Эта хрупкая девушка с маленькими ногами и руками, маленьким личиком, особенно привлекательным в пышном обрамлении локонов; эта девушка, которой стоило лишь приоткрыть рот, – он был немного великоват, пожалуй, – и, казалось, само дыхание ее благоухает великодушием и чистотой, обладала мудрым сердцем зрелой женщины. Самым важным, самым лестным для нее была возможность гордиться своим избранником. Но сейчас он просто не смотрел на нее, ни разу не взглянул; и взор его был напряженным и странным – иным и не может быть взгляд мужчины, который таращится в пустоту, когда мог бы смотреть на очаровательное девичье личико.

– Ну что ж. И в самом деле мерзопакостно. Измучили его, сломали… бедный старик. И почему он не позволил мне к нему приехать? Но теперь-то я знаю, как за это взяться.

После того как он с уверенностью произнес эти слова, он наконец-то взглянул на нее, и тотчас же его охватило мучительное беспокойство, неуверенность, страх.

Сейчас он хочет знать только одно, сказал он: любит ли она его настолько… хватит ли у нее мужества уехать с ним так далеко? Он предлагал ей эти вопросы, и голос его дрожал от волнения – ведь отказываться от своих решений он не привык.

Она любила его. И мужества у нее хватит. И тотчас будущая хозяйка дома, открытого для всех европейцев в Сулако, почувствовала: земля ушла у нее из-под ног в буквальном смысле этого слова. Исчезла полностью, даже колокол перестал звонить. Когда ноги ее вновь коснулись земли, звон колокола по-прежнему доносился из долины; она поправила волосы, прерывисто дыша, и окинула быстрым взглядом каменистую тропинку. Слава богу, на тропинке ни души. Чарлз тем временем, ступив в сухую пыльную канаву, поднимал открытый зонтик, откатившийся от них с дробным стуком, напоминавшим треск барабана. Он вручил зонтик Эмилии, сдержанный, слегка удрученный.

Затем они направились к дому, и, когда она погладила его по плечу, он наконец заговорил, и первыми его словами было:

– Очень удачно, что мы сможем поселиться в прибрежном городе. Я вам уже рассказывал о нем. Он называется Сулако. Я так рад, что у бедняги-отца в этом городе был дом. Большой особняк, отец купил его давным-давно – ему хотелось, чтобы в главном городе так называемой Западной провинции был и навсегда остался Каса-Гулд. В детстве я там прожил с мамой целый год, а отец мой ездил в это время по делам в Соединенные Штаты. Теперь вы станете новой хозяйкой Каса-Гулд.

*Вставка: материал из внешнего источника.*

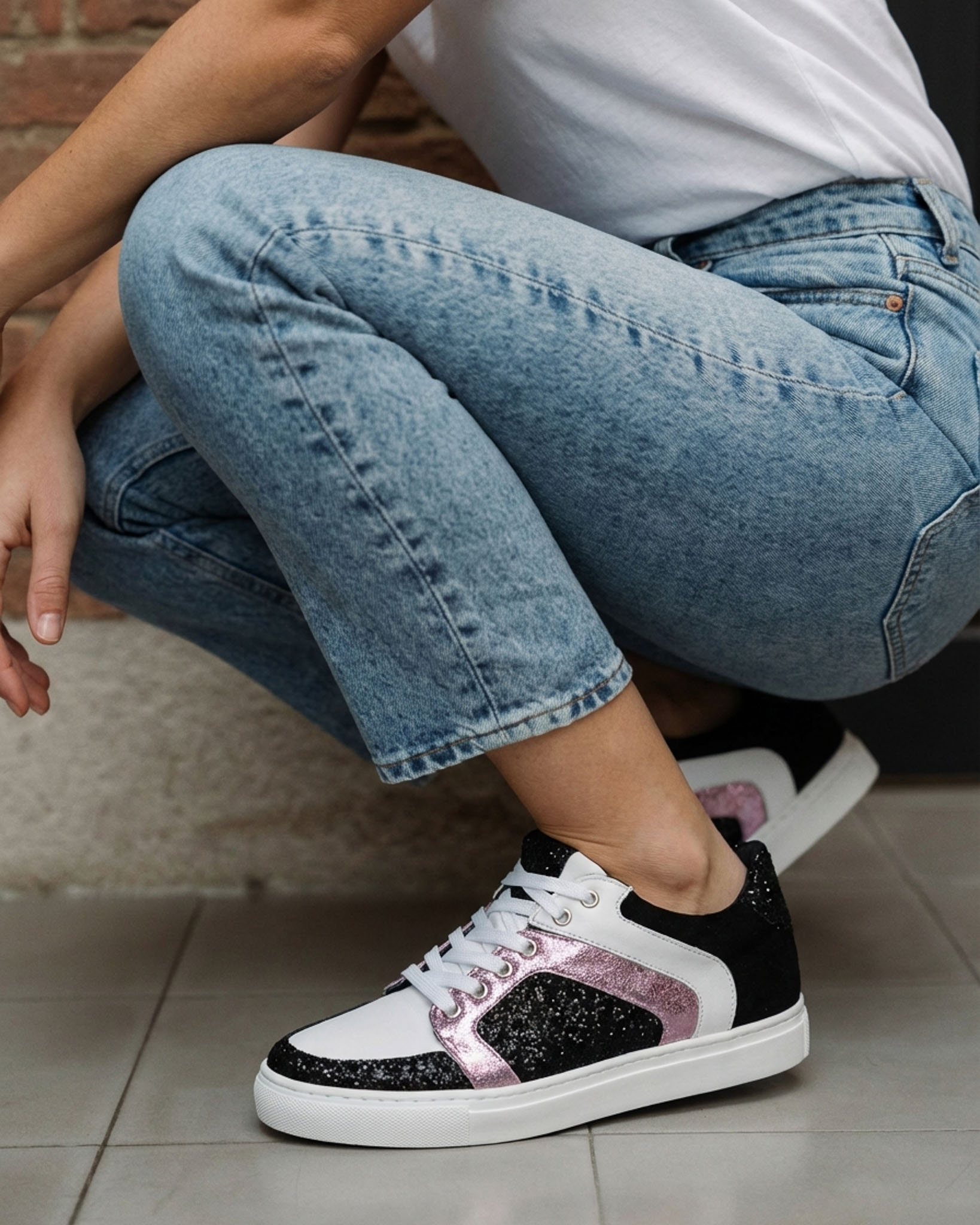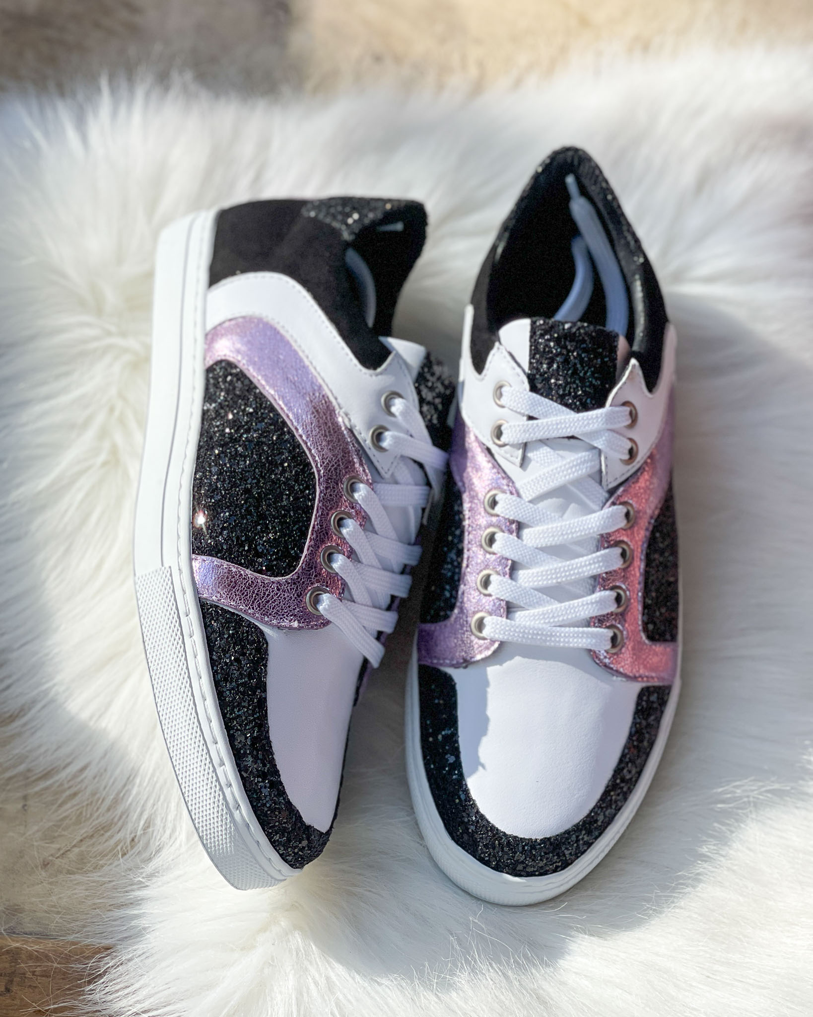 Baskets en cuir lisse blanc, glitter noir, irisé lilas.
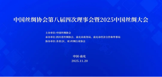 2025年11月20日,中国丝绸协会第八届四次理事会暨2025中国丝绸大会在四川省南充市国际会展中心顺利召开。本次会议由中国丝绸协会主办,四川省丝绸协会和南充市商务局承办,各省(区、市)丝绸行业协会协办。2025 年是“十四五”规划收官之年,也是谋篇布局“十五五”发展的关键之年,本次会议以“谋新篇、开新局、启新程”为主题,贯彻落实党的二十届四中全会精神,交流重点省市茧丝绸产业发展经验,总结本年度协会工作,共同探讨行业改革创新举措,推动我国茧丝绸行业高质量发展。来自国家相关部门、行业协会、科研院所等领导嘉宾,茧丝绸企业参会代表及相关媒体等共三百五十余人参加大会。

И позже в обитаемом уголке палаццо, высящегося над виноградниками, каменоломнями, соснами и оливами Лукки, он продолжал:

– Имя Гулдов пользуется огромным почетом в Сулако. Мой дядюшка Гарри одно время возглавлял правительство и вошел в круг самых уважаемых людей страны. Под этим кругом я подразумеваю семьи обедневших креолов, весьма далекие от мира политических интриг. Дядя Гарри не был авантюристом. Среди костагуанских Гулдов вообще нет авантюристов. Он являлся гражданином этой страны, любил ее, но образ мыслей сохранил чисто английский. Он воспользовался политическим девизом того времени. Ратовал за федерацию. Но политическим деятелем не был. Просто он любил свободу, если она основана на разуме и опыте, ненавидел угнетение и потому стремился установить в стране общественный порядок. На жизнь он смотрел трезво. Делал то, что считал правильным, точно так же как я сейчас убежден, что должен заняться этими рудниками.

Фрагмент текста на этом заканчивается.